[Exercise instructions]: Please quote exactly the opening lines of the data, from the first line to the one where "Iš Klaipėdos valstybinės" appears.

◇ ◇ ◇ ◇

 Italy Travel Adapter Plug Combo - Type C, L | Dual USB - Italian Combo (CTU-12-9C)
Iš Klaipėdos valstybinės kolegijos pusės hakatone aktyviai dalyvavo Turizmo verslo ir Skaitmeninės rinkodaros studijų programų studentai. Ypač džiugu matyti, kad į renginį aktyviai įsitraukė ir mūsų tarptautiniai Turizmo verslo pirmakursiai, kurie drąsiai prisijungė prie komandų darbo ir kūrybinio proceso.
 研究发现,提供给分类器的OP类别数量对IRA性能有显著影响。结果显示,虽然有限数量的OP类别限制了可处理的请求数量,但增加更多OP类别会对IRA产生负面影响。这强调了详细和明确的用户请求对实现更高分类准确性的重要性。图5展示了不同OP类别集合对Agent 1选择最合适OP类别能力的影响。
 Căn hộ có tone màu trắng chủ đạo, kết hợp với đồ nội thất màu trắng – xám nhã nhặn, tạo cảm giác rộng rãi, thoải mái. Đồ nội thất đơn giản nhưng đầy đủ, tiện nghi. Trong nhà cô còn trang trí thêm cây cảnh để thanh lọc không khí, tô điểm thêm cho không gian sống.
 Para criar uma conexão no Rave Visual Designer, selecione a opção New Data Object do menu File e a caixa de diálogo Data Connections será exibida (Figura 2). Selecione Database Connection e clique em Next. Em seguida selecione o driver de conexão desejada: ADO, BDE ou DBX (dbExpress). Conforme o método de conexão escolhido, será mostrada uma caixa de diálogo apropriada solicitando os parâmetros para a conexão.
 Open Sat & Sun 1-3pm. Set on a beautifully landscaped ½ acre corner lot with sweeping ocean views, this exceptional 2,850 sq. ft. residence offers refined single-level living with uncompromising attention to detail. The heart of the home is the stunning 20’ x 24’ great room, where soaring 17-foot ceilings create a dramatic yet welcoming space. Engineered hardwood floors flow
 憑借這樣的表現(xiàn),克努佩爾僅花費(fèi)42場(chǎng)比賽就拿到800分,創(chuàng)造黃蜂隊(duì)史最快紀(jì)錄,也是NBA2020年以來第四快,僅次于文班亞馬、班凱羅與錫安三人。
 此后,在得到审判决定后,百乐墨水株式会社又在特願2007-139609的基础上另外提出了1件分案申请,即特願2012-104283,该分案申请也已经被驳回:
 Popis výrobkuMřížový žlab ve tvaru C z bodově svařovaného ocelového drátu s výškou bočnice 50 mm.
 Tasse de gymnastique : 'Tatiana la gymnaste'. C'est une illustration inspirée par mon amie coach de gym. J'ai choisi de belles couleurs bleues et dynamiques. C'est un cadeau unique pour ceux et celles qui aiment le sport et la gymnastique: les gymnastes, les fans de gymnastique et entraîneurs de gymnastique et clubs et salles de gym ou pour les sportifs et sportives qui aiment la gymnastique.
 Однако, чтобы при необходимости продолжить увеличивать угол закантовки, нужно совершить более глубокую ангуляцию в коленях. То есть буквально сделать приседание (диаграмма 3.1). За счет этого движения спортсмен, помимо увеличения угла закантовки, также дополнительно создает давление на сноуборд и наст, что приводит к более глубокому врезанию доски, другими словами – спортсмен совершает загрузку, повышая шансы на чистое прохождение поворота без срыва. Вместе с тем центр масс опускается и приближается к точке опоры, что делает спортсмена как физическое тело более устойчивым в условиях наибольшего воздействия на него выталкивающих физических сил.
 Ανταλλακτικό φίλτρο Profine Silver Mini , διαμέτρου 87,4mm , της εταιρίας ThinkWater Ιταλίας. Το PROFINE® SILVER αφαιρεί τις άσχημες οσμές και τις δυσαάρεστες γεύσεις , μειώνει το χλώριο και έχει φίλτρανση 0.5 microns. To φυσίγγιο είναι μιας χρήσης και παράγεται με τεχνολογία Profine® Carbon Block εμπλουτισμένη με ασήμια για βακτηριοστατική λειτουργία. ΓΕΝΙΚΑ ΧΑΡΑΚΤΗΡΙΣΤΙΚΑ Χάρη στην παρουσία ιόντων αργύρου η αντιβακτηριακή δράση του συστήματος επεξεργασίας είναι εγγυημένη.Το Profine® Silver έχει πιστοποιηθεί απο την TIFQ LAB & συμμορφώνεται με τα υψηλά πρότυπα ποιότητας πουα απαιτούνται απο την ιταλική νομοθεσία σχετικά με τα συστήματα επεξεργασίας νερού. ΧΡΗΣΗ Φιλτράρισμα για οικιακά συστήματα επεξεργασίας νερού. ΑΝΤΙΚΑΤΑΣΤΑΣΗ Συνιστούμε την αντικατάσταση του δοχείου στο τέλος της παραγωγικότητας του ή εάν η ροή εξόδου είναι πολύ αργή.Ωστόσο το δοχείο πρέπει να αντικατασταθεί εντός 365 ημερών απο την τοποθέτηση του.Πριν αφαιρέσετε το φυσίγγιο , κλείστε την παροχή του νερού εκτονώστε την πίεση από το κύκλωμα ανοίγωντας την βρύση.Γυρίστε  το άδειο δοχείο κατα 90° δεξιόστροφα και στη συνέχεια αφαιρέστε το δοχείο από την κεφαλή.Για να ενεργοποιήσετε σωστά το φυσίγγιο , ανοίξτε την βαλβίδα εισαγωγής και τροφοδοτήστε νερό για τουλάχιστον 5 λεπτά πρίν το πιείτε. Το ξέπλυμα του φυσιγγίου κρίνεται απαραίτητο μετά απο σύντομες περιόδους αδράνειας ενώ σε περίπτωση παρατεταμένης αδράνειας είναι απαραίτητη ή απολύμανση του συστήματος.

◇ ◇ ◇ ◇

[Solution to this problem]:
 Italy Travel Adapter Plug Combo - Type C, L | Dual USB - Italian Combo (CTU-12-9C)
Iš Klaipėdos valstybinės kolegijos pusės hakatone aktyviai dalyvavo Turizmo verslo ir Skaitmeninės rinkodaros studijų programų studentai. Ypač džiugu matyti, kad į renginį aktyviai įsitraukė ir mūsų tarptautiniai Turizmo verslo pirmakursiai, kurie drąsiai prisijungė prie komandų darbo ir kūrybinio proceso.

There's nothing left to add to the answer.